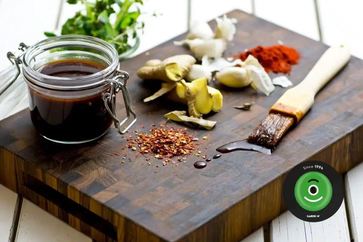 Marinujte maso v sójové omáčce, zázvoru a česneku, poté ho potřete klasickou BBQ směsí. Skvělé pro kuřecí stehna nebo vepřová žebra.
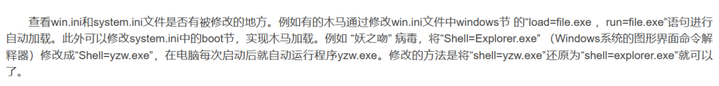- 修改 C:\Windows 目录下的 win.ini 或者是 system.ini,排查的时候重点看看这两项
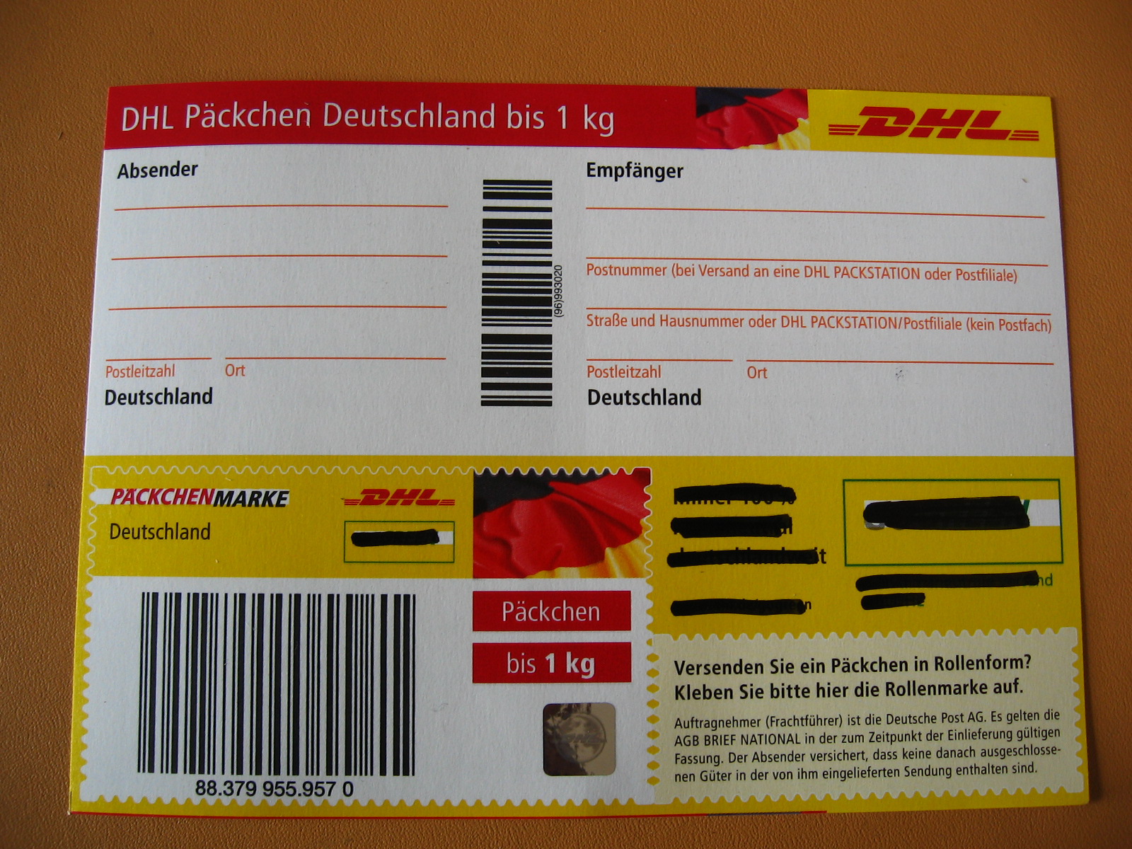 Da wir unsere Päckchen und Pakete auch per Post bzw. DHL versenden (mangels anderen brauchbaren Anbietern), wir aber die CO2-Hetze und Klimalüge nicht auch noch bewerben wollen werden die Päckchen- und Paketaufkleber vor der Nutzung teilweise übermalt.
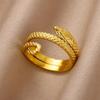 Retro Titanium Steel Ring Female Golden Snake Versatile Simple Hip Hop Personality Open Snake Hot Selling Trend
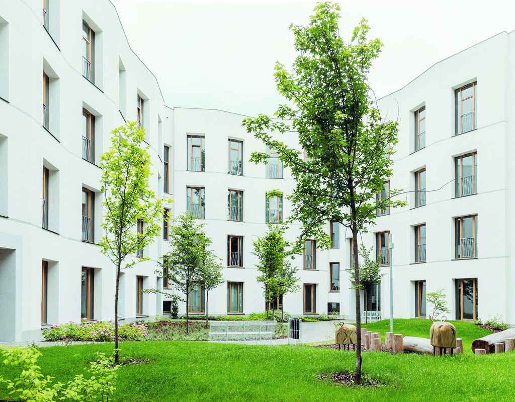 Xella’s BIM department not only develops structural designs for large‑format systems such as Silka Tempo and Ytong Panel, but also provides expert technical advice. The Solna 6 project proved especially challenging. Located next to the Baroque Carmelite monastery on St. Adalbert’s Hill, and an avenue of protected mature ash and oak trees, the complex had to comply with strict heritage conservation rules requiring traditional plaster finishes.
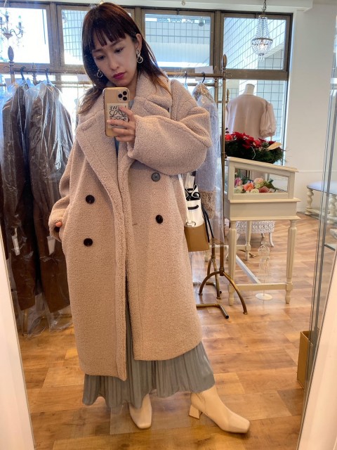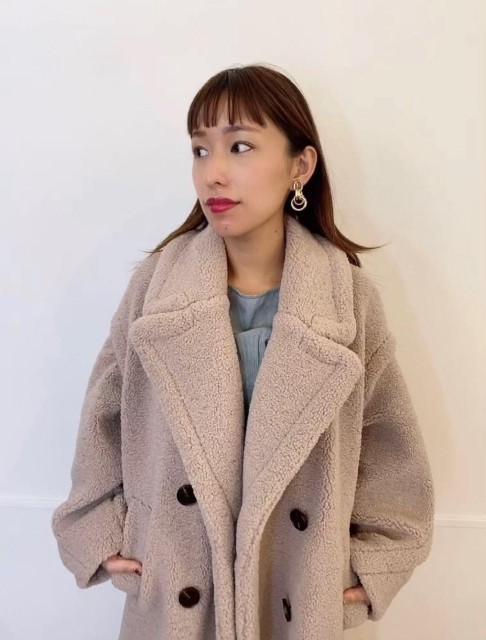 テディベアみたいなモコモコしたボア生地のオーバーサイズコート
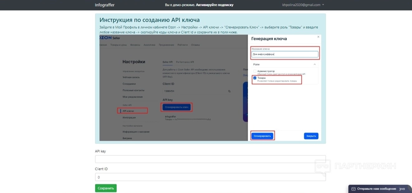 Там же находятся два раздела, предназначенные для интеграции с маркетплейсами Wildberries и Ozon. Достаточно следовать подсказкам от создателей и подключение к личному кабинету по API-ключу пройдет за считанные минуты.
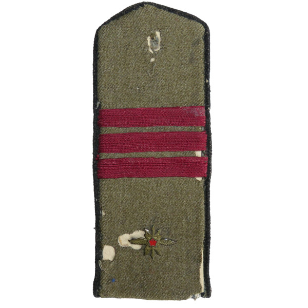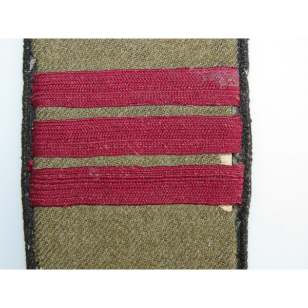 Field shoulder strap of the 1943 pattern for a Sergeant of the Signal Troops. Made of khaki wool cloth with black edging. It features three transverse crimson stripes denoting the rank of Sergeant. At the bottom is the Signal Troops emblem – wings with crossed lightning bolts and a red star in the center. Shows moth damage, otherwise well preserved.

### What to work on
In the listing above, find the line containing "Da wir unsere" and the line containing "Retro Titanium Steel". Print those two lines and every line between them exactly, with no pictures.

### Answer to this problem
 Da wir unsere Päckchen und Pakete auch per Post bzw. DHL versenden (mangels anderen brauchbaren Anbietern), wir aber die CO2-Hetze und Klimalüge nicht auch noch bewerben wollen werden die Päckchen- und Paketaufkleber vor der Nutzung teilweise übermalt.
 Retro Titanium Steel Ring Female Golden Snake Versatile Simple Hip Hop Personality Open Snake Hot Selling Trend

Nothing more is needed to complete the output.